Long EZ data Oregon State analysis Aircraft teams Air boundary data

Overview

Moisture statistics and fluxes were collected by the Long-EZ and Twin Otter aircraft along the flight path of the P-3 aircraft which carried the LASE and ESTAR instruments. In coordinated flights, the Long-EZ and Twin Otter measured the air-surface exchange in situ for relation to the soil moisture patterns observed by ESTAR. Measurements in coordination with LASE allow examination of the overall moisture budget of the atmospheric boundary layer and of individual turbulent entrainment events through the boundary-layer's top.

The Data

Characteristics

The data are in two formats.
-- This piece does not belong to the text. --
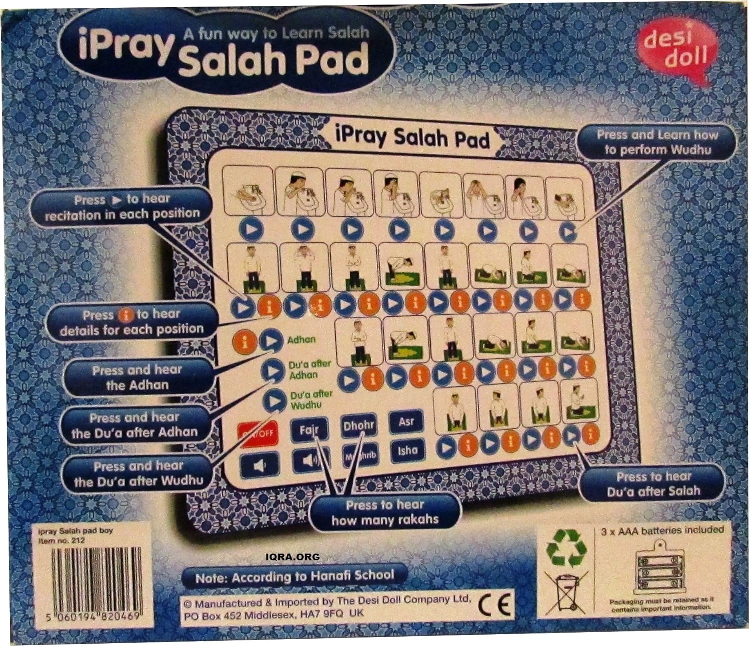 This press, listen, and learn pad with illustrations and sounds teaches children (and adults) how to perform wudhu and salah. Hear the adhan, iqama, and much more. Learn the duas to be recited after the adhan, wudhu, and salah. A great learning tool for anyone wishing to learn salah. Nice illustrations show the steps of wudhu and salah. Press the play buttons under each picture to hear and learn how to perform wudhu and salah. Press and follow each play button to hear the recitation in each position in salah. Press the i button to hear details for each position in salah. Press the adhan button to hear the beautiful call to prayer. Press the dua buttons to hear the dua for after adhan and wudhu. Learn how many rakahs there are in each salah and the duas for after salah. This is a great way to help children enjoy learning the correct way to perform Salah. It is fun, interactive, and innovative. Comes ready to use with 3 AAA batteries included. The boys iPray pad has male voice recitations. It comes with its own very detailed Beginners Guide to Salah to supplement the iPray pad. All teachings in the iPray pad and in the guidebook are in accordance with the Hanafi school of fiqh. Please note that iPray Salah pads are only recorded in English and Arabic. All iPray pads meet all required British and European health and safety requirements, including CE, EN71, and Rohs. The recommended age is 3+.

There are run averages of turbulent fluxes, where a 'run' is defined as a single pass over one of the pre-defined flux-aircraft flight lines (map available from Oregon State University.) These averages are divided into low-altitude passes, sampling surface fluxes, and passes higher in the boundary layer. The low passes are nominally at 35 m AGL, but 150 m AGL over Little Washita Watershed because of obstructions. Information provided is valid at the center of the pass. It includes the latitude/longitude, the time in day of year and fraction (Central Daylight Time), and fluxes of net radiation, sensible heat, latent heat, CO2, and momentum (drag) eastward and northward. Altitude is not provided on these files, but can be obtained from the more detailed set.

The more detailed information is 1-s averages of atmospheric state quantities over each run. There is one file per run, the columns of which are given in the table below. There are no column headings in the files themselves. The flux runs (files ending ".FLX" and ".BND") have the full set of data. Profiles (ending ".PRO") do not include the radiation measurements, since these runs were often spirals, where the airplane was significantly banked. Though it would be possible to correct the radiation for the nonzero roll angle, this has not so far been done. The units of photosynthetically active radiation are micro-Einsteins per square meter per second. An Einstein is an Avagadro's number of photons.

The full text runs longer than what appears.